Task brief: Quote from the first line below through the line that contains "表格名称:浙水:ZJ837 拱桥:拱圈节段的预制工程现场质量检验报告单(一)", both included, and leave the pictures out.

----- Supplied material

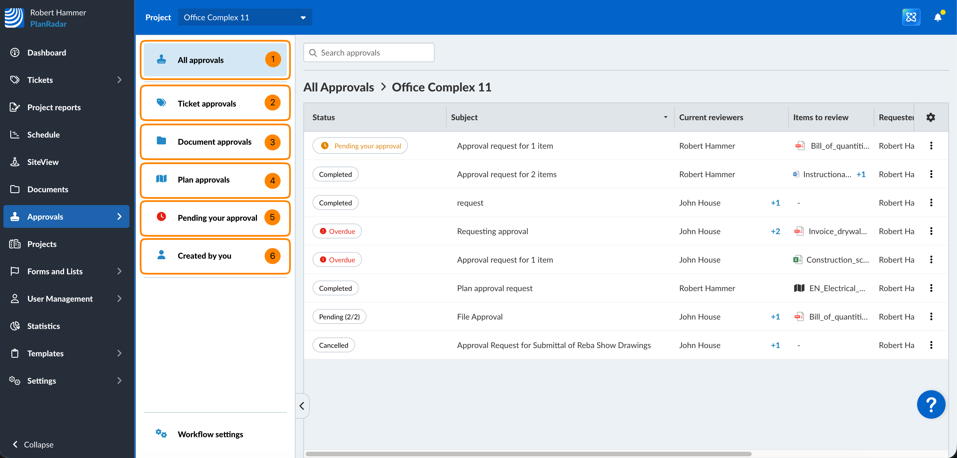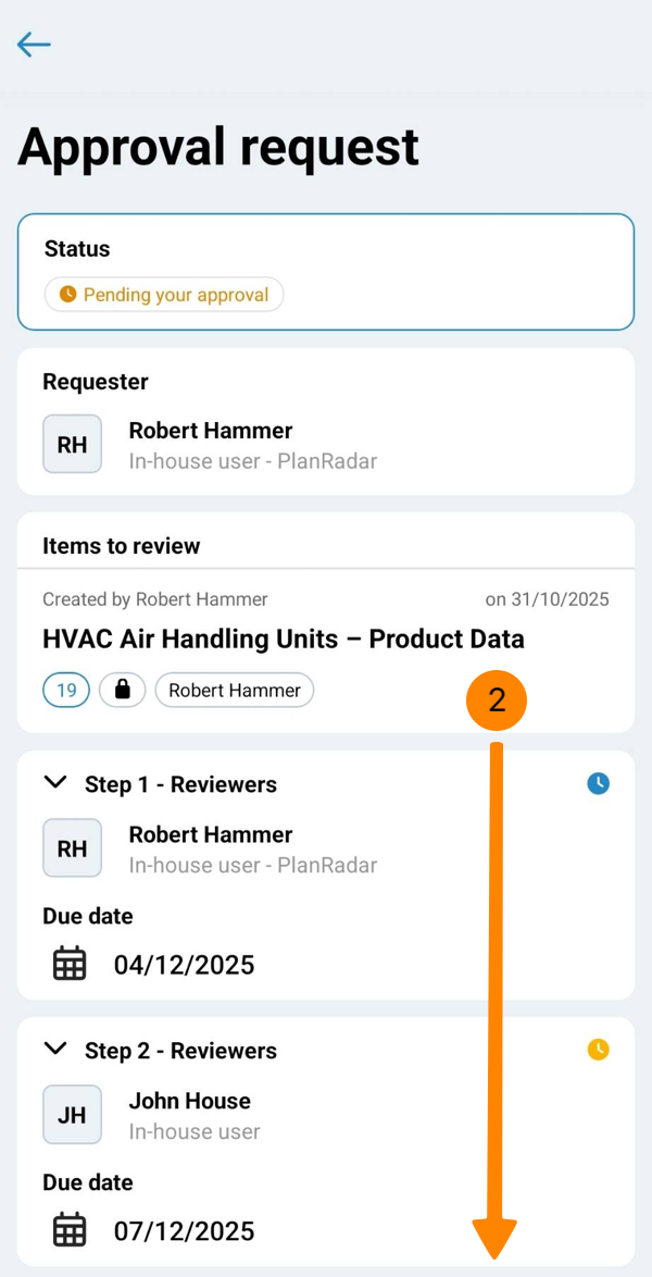 U mobilnoj aplikaciji ne postoji pregled za pronalaženje svih zahtjeva za odobrenje na jednom mjestu. Za daljnje radnje morate otići na detalje zahtjeva za odobrenje kako je opisano u nastavku za ticketi Odobrenja i Odobrenja dokumenata i planova.
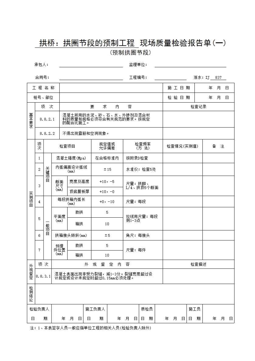 表格名称:浙水:ZJ837 拱桥:拱圈节段的预制工程现场质量检验报告单(一)
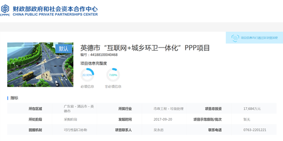 1.環(huán)衛(wèi)作業(yè)設(shè)備周期更新,按服務(wù)范圍增加投入專業(yè)環(huán)衛(wèi)設(shè)備(包括但不限于高壓清洗車、洗掃車等各類清掃保潔車輛、壓縮車、大型勾臂車等垃圾清運(yùn)車輛);2.建設(shè)垃圾分類投放點(diǎn)289個(gè)(其中城區(qū)213個(gè),鄉(xiāng)鎮(zhèn)中心76個(gè))、新建鎮(zhèn)級(jí)垃圾壓縮站(處理量400噸/日)2座、項(xiàng)目停車場3個(gè);同時(shí)新建智慧環(huán)衛(wèi)大數(shù)據(jù)信息管理平臺(tái)系統(tǒng)。落實(shí)國家關(guān)于堅(jiān)持城鄉(xiāng)統(tǒng)籌,將城市環(huán)衛(wèi)工作模式延伸到鎮(zhèn)區(qū)、村(社區(qū))。通過常態(tài)化、精細(xì)化、智能化、高效化的運(yùn)營管控體系,實(shí)現(xiàn)城鄉(xiāng)環(huán)境衛(wèi)生工作的“全方位覆蓋、無縫隙對接、一體化管理”目標(biāo),落實(shí)節(jié)能環(huán)保、促進(jìn)環(huán)衛(wèi)市場化發(fā)展等政策情況。預(yù)算金額(元):178,490,000.00預(yù)計(jì)采購時(shí)間:2022年10月圖片來源:財(cái)政部政府和社會(huì)資本合作中心另據(jù)財(cái)政部政府和社會(huì)資本合作中心PPP項(xiàng)目管理庫公開信息顯示,英德市“互聯(lián)網(wǎng)+城鄉(xiāng)環(huán)衛(wèi)一體化”PPP項(xiàng)目發(fā)起時(shí)間2017年9月,所處階段為采購階段,回報(bào)機(jī)制為可行性缺口補(bǔ)助。公布披露信息顯示,英德項(xiàng)目采用BOT模式運(yùn)作,合作期限30年,政府付費(fèi)金額約1.65億元/年,合作期內(nèi)項(xiàng)目財(cái)政承受能力論證測算的財(cái)政支出責(zé)任需從預(yù)算中安排的支出責(zé)任匯總金額為477435.12萬元(約48億元)。圖片來源:財(cái)政部政府和社會(huì)資本合作中心截止目前,2022年度已開標(biāo)環(huán)衛(wèi)項(xiàng)目中,成交金額最高的是6月份開標(biāo)的海寧市區(qū)環(huán)衛(wèi)一體化特許經(jīng)營項(xiàng)目,涉及金額約26億元。英德市“互聯(lián)網(wǎng)+城鄉(xiāng)環(huán)衛(wèi)一體化”PPP項(xiàng)目計(jì)劃今年10月份開展政府采購,不出意外,年內(nèi)可完成開標(biāo)。隨著英德項(xiàng)目的如期推進(jìn),2022年度環(huán)衛(wèi)“標(biāo)王”有望在年度改寫。
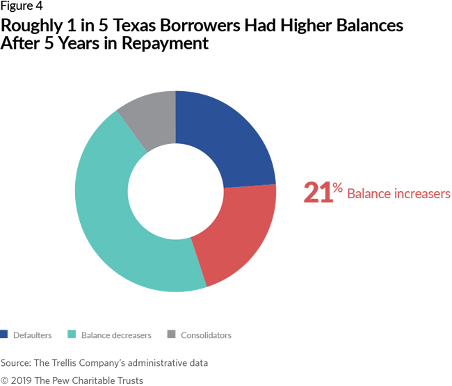 54. Although Texas balance increasers did not consolidate their loans during the study period, national borrowers who owed more after five years might have done so. If Texas consolidators had larger balances after five years than when they started repaying, the Texas figure underestimates the total percentage of balance increasers. This figure is probably lower at the national level because of differences in when borrowers were measured and the compositions of the datasets. (For more information, see Appendix B.)

----------

Worked solution:
 U mobilnoj aplikaciji ne postoji pregled za pronalaženje svih zahtjeva za odobrenje na jednom mjestu. Za daljnje radnje morate otići na detalje zahtjeva za odobrenje kako je opisano u nastavku za ticketi Odobrenja i Odobrenja dokumenata i planova.
 表格名称:浙水:ZJ837 拱桥:拱圈节段的预制工程现场质量检验报告单(一)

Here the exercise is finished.